See, the day of the LORD comes, cruel, with wrath and fierce anger, to make the earth a desolation, and to destroy its sinners from it.

For the stars of the heavens and their constellations will not give their light; the sun will be dark at its rising, and the moon will not shed its light.

I will punish the world for its evil, and the wicked for their iniquity; I will put an end to the pride of the arrogant, and lay low the insolence of tyrants.

I will make mortals more rare than fine gold, and humans than the gold of Ophir.

Therefore I will make the heavens tremble, and the earth will be shaken out of its place, at the wrath of the LORD of hosts in the day of his fierce anger.

Like a hunted gazelle, or like sheep with no one to gather them, all will turn to their own people, and all will flee to their own lands.

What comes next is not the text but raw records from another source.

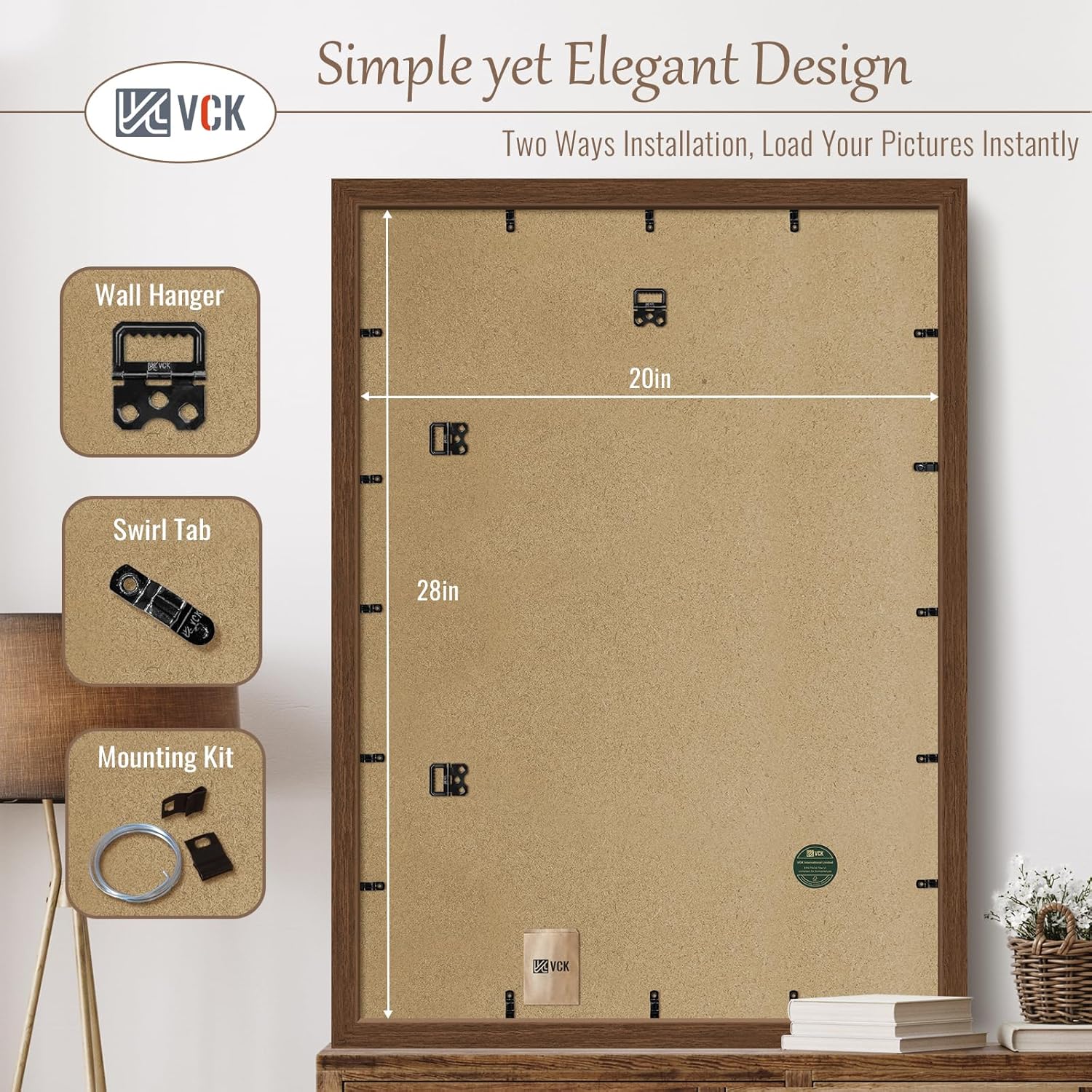 VCK 20x28 Picture Frame 3 Pack, Brown Wood Poster Frame with Exclusive Wood Grain, Wall Mounting Hanging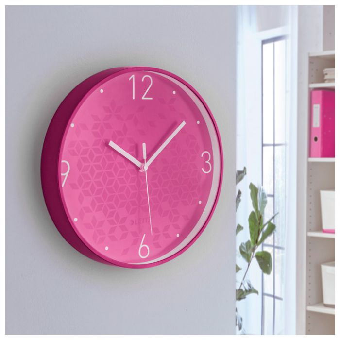 fi: 29 cm; dvobojni okvir izrađen od robusne plastike u kombinaciji sa staklenom prednjom stranom; WOW boja lica s geometrijskim uzorkom i velikim brojevima; kazaljke i brojevi su bijele boje kao odličan kontrast pozadini; tihi kvarcni satni mehanizam idealan je za urede, prostore za čitanje i spavaće sobe tako da vas ne ometa zvuk otkucavanja sata; iz WOW asortimana koji s upečatljivim i modernim bojama daje WOW efekt; za bolju organizaciju u uredu ili kod kuće; 1 AA baterija (nija uključena); montažna rupa za lako vješanje; težina: 0,55 kg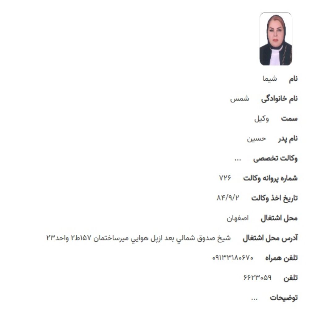 | شیما شمس | خیابان شیخ صدوق شمالی | 09133180670 |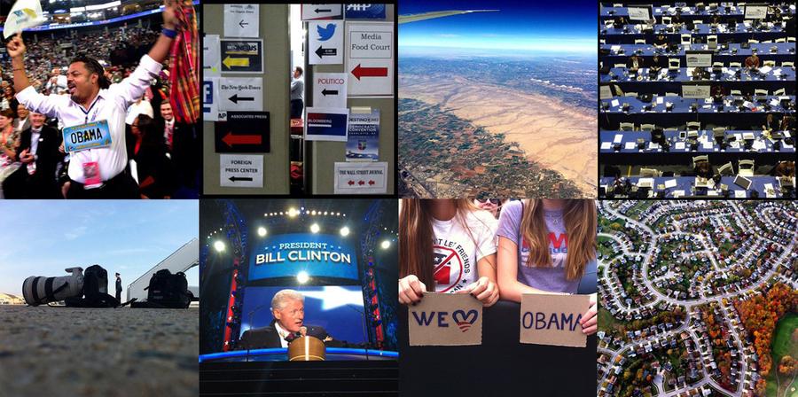 Read moreAssociated Press Instagram photos from the campaign trail, Obama/Biden edition: Delegate Richard Rios from Virgin Islands dances at DNC Charlotte / Media center at DNC. / Flying west on Air Force One. / The media center at Center College before the start of the VP debate. / Air Force One tarmac with cameras. / Bill Clinton front and center DNC Charlotte. / Columbus Ohio with President Obama. / Approaching Columbus, Ohio on Air Force One. #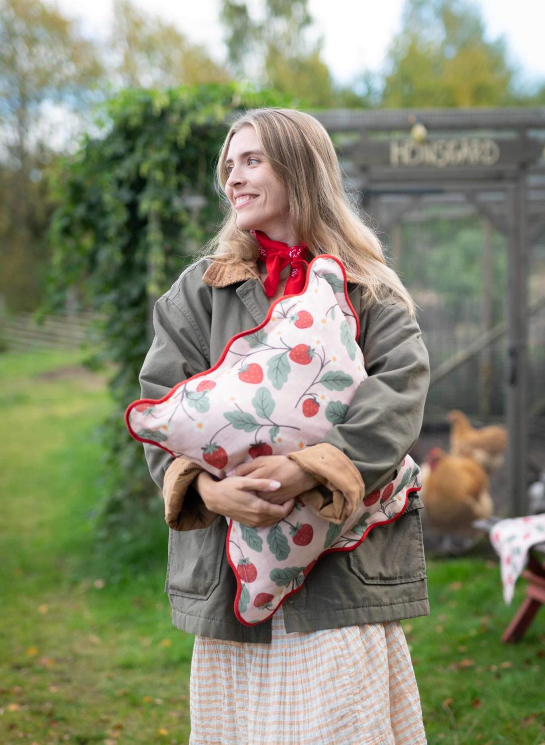 Mönstret Jordgubbe finns i flera produkter följ länken JORDGUBBE så finner du fler.
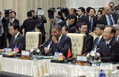 11月20日,参加东盟峰会的美国总统奥巴马坐在中日首脑之间。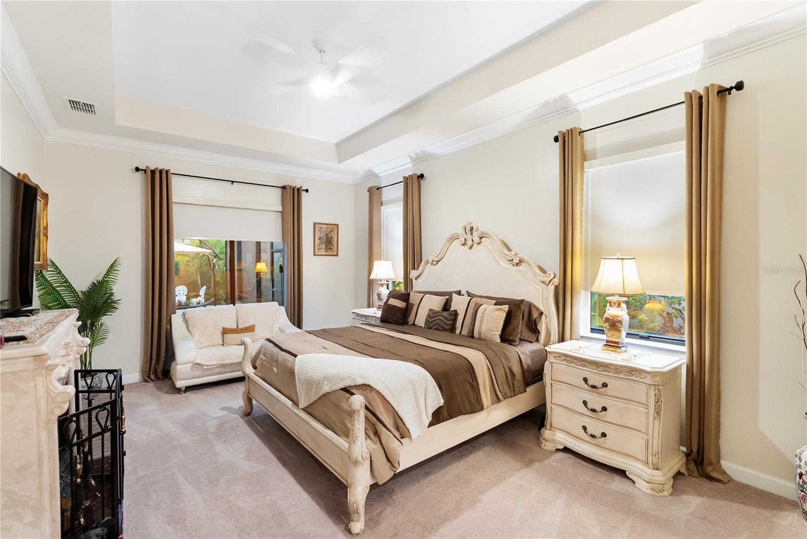 MOTIVATED SELLERS NEW IMPROVED PRICE LUXURIOUS RESORT-STYLE LIVING IN LORRAINE LAKES, LAKEWOOD RANCH! Experience the pinnacle of Florida living in this stunning 2022 Sunset Model located in the highly sought-after, gated community of Lorraine Lakes. Set on an oversized lot, this 3-bedroom, 3-bathroom home with a dedicated office/den offers an unparalleled blend of luxury, convenience, and vibrant community living in Lakewood Ranch—voted the #1 multi-generational community in the U.S. for five consecutive years. Inside the home, every detail exudes elegance and thoughtful design. The chef-inspired kitchen stands as the centerpiece, boasting an oversized quartz island that easily accommodates family and guests alike. Complemented by custom tile backsplashes, and a five-burner gas cooktop, this kitchen blends beauty and functionality for both everyday living and entertaining. The open-concept design flows seamlessly across the tile flooring throughout the main living areas, enhancing the sense of space and sophistication. The living area boasts elegant tray ceilings and a custom ledgestone accent wall with a modern electric fireplace and floating shelves, creating a warm ambiance. Enjoy the peace of mind of a whole-home water filtration system and the convenience of a spacious three-car garage. The primary suite is a true retreat, featuring a tray ceiling, a modern electric fireplace, and sliding glass doors that open directly onto the screened lanai—creating a perfect blend of indoor and outdoor comfort. The luxurious ensuite bathroom showcases dual sinks, an enormous walk-in shower, and an abundance of natural light, completing this spa-like sanctuary. Step into your private, tropical outdoor oasis! The custom, heated pool features beautiful waterfall features and glass water bowls, surrounding a relaxing raised spa that overflows seamlessly into the pool. This true resort-style setting is enveloped by lush tropical foliage and finished with premium Travertine decking. The expansive, screened lanai and paver pathway from the garage complete this magnificent outdoor space. The home is surrounded by mature tropical landscaping, offering privacy and lush greenery that frames the property beautifully. This attention to exterior detail continues the resort-style experience, both indoors and out. Lorraine Lakes' HOA includes gated security, cable, internet, and lawn care, granting you maintenance-free access to the spectacular 25,000 sq ft Town Center clubhouse. Amenities include a full-service restaurant/tiki bar, multiple pools (including a lap pool and splash pad), a state-of-the-art fitness center with saunas, tennis, pickleball, basketball, bocce ball, and volleyball courts. Engage with neighbors through a packed schedule of social events, including wine tastings and trivia nights! This property is an ideal investment with incredible rental flexibility, allowing up to 12 rentals per year—perfect for snowbirds looking to generate income. The desirable Lakewood Ranch location is minutes from top-rated schools, major highways, the world-class shopping and dining of University Town Center (UTC), international rowing at Nathan Benderson Park, and the pristine Gulf Coast beaches of Sarasota. Don’t miss this chance to own an exceptional home where luxury meets lifestyle in beautiful Lakewood Ranch!

Whoever is found will be thrust through, and whoever is caught will fall by the sword.

Their infants will be dashed to pieces before their eyes; their houses will be plundered, and their wives ravished.

See, I am stirring up the Medes against them, who have no regard for silver and do not delight in gold.

Their bows will slaughter the young men; they will have no mercy on the fruit of the womb; their eyes will not pity children.

And Babylon, the glory of kingdoms, the splendor and pride of the Chaldeans, will be like Sodom and Gomorrah when God overthrew them.

It will never be inhabited or lived in for all generations; Arabs will not pitch their tents there, shepherds will not make their flocks lie down there.

But wild animals will lie down there, and its houses will be full of howling creatures; there ostriches will live, and there goat-demons will dance.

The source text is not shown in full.